Но в награду три по пять минут между лекциями и полдневные сорок собьются на живую нитку — длиннее юности и иных намерений и ввернут поселянку Дв. в новое накопительство. В дни, когда трасса просеет ей — солнечные ведуты и лучших прохожих, сколачивать портретную галерею: юноша в золотом венке и юноша с корзиной фруктов и с черепом, молодой человек в голубом, портрет пирующего Вакха и портрет лейтенанта зуавов, привязанного к дубу, ученик звездочета или Эразм Роттердамский с арбалетом и с желтой гвоздикой за ухом… портрет отдыхающего на пути в Египет… портрет молодого человека, снимаемого с креста… Точнее, сбивать коллекцию из моментальной фотокабины: Пастухов, несущий под локтем две растрепанных книги, шевелюра и борода против лета черпнули сумрачности. Рядом несравненный молодой человек в полный рост, свитер и вытертые джинсы, у расписания курсов или рейсов. С ними — Пастухов с заброшенной за спину курткой жалует кому-то рукопожатие, да не отсохнуть руке счастливчика! Здесь же Пастухов — потрошитель Таллина, города в табакерке — в снежной картонке с синим куполом, с облаком-цитаделью, обращая Таллин в дым — в толпе таких же потрошителей, фон — черная лестница… В шаге молодой человек с бородой и голубой тенью под глазами, кричащий вдаль — простуженные приветы, и примкнувший к компании — Пастухов у окна, в разгоревшихся лампады весны, вплетающих в несравненного золотую нить. Портрет в темных тонах: Разбивающий Сердца, рука отведена на плечо рыжекудрой прелестницы в белом пиджаке, распахнувшем зачерненный и зауженный стан стрекозы. Несравненный с портфелем, в дверях аудитории, оглянувшись… Почему, почему никто не вспомнил ему, что оглядываться — возбраняется, запрещено, заклятие? Наконец, Пастухов, Лишенный памяти — бесстрастно идущий мимо той, с кем съел чуть не пуд ягод юности… уж не меньше пригоршни.

По ненароком принесшемуся к барышне слову восстанавливать — полную тираду, включая фиоритуры, а по этой тираде — и все изъяснение… пристраивая беседу и косушку-беседку, и подводные токи, и подземное и надземное, и еще балкон, мезонин и башенку, терраску и флигель, и амбар… Наращивать единицы хранения, сопоставляя несравненные жесты — с мановениями, вензелями и выкрутасами деревьев, с решеткой Летнего сада и с траекторией цветения луга, с живописной интригой шелковых складок — и атлетизмом мраморных, с надтреснутой монограммой времени, явившейся на каменной стене, и с финишной низкой меж равниной ультрамарина — и стаей заката. Подсекать изменения — ростки новых признаков, отклонения, инверсии, вариации, и детально анализировать — и заносить в кудрявый девичий альбом, в дневник, тюковать в холм общих тетрадей…
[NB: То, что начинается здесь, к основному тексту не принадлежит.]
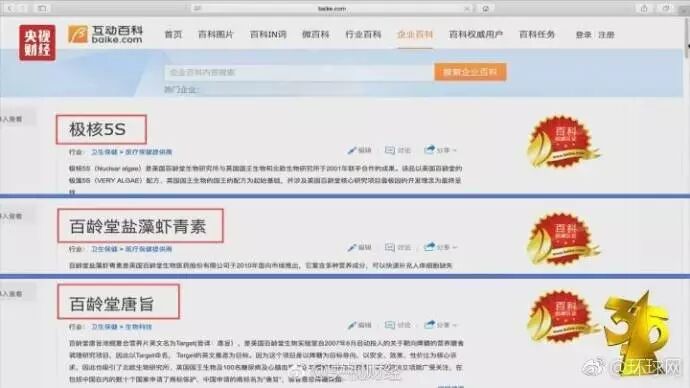 比如说,有一个词条名叫“极藻5s”,号称一位肝癌患者服用“极藻5s”仅仅7天,癌细胞就不见了,该产品一经发布月售上万盒,但如此神奇的产品,在国家食品药品监督管理总局网站上却查不到任何相关信息。而一位号称获取“国家医学进步奖”的中医,其实就在陕西渠子村的一家小诊所,而且没有行医资质......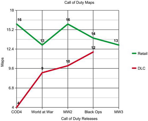 Ce qui l'est moins, c'est l'évidente tendance de la rentabilisation. Ainsi le site Revolt Tech propose un graphique présentant le nombre de Maps incluses dans le jeu... par rapport au nombre de Maps commercialisées par la suite en DLC. Et le constat est flagrant :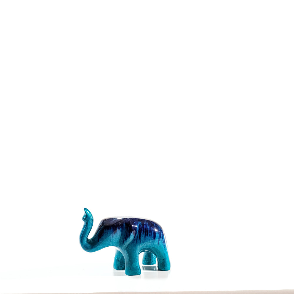 Elephant Ornament, Trunk Up - Brushed Aqua

Подвижничество исследователя расщеплено поселянкой Дв. на три полезных квалификации: коридорный, филер и регистратор, шестиоокая троица шастает по факультет-променаду, путается в пестроте своих выходов и отскоков — и регистрирует несравненного, и при каждом — трое тут же вспыхивают до ижицы, и надрывом воли не позволяют огню — простираться, но опять — топают на огонь как-то без огонька, тормозят, мнутся, заикаются и смеют невзначай обратиться к Пастухову — выспросить время или дорогу в деканат, или к морю, тем более — за советом, как и в чем запечатлеть прекрасное: стекло, цемент, урановая руда? Что достойно — чернила или кровь, молоко, роса, сидр… и в какой манере? Потому что следящий не должен раскрыться, чтоб остаться в невидимых, в проглотивших язык — и сберечь себя для дальнейшей комплектации иконотеки…

Сыщется ли еще — столь кривое зеркало, возможно, самое крупное… или неглубокое, но скривившееся пуще приятелей? Растащившее старину Пастухова — на черепки, суверена — на сувениры… Швырнись сторонний гуляка по свалке и набреди на сей дородный отчет безотчетного, на индекс напропалую сбродного — на эти непристойности, пересчитанные — обратно в словосочетания, то есть в клочки… но не беспокоимся о стихшем подлунном промысле — в территории, куда гуляют за иными жемчужинами.

Но за нерасторопность, подобную чьей-нибудь смерти, поселянка Двадцатая таки наказана! Избравшая ее кара — ясно, слепота. Не опознавшая в стольких встреченных Пастуховых — урожденного настоящего, с некоторых пор и вовсе перестает его узнавать. Продергивая свой вороватый ход по пяти пятакам и щепе сороковника, не обнаружит — ни единого несравненного! Ни в читателях расписаний, ни в листателях книг, ни в свернувших город в дым — на маршах большого знания, ни в музицирующих на бандонеоне, ни в прикованных к скале, ни в пришнурованных к мачте…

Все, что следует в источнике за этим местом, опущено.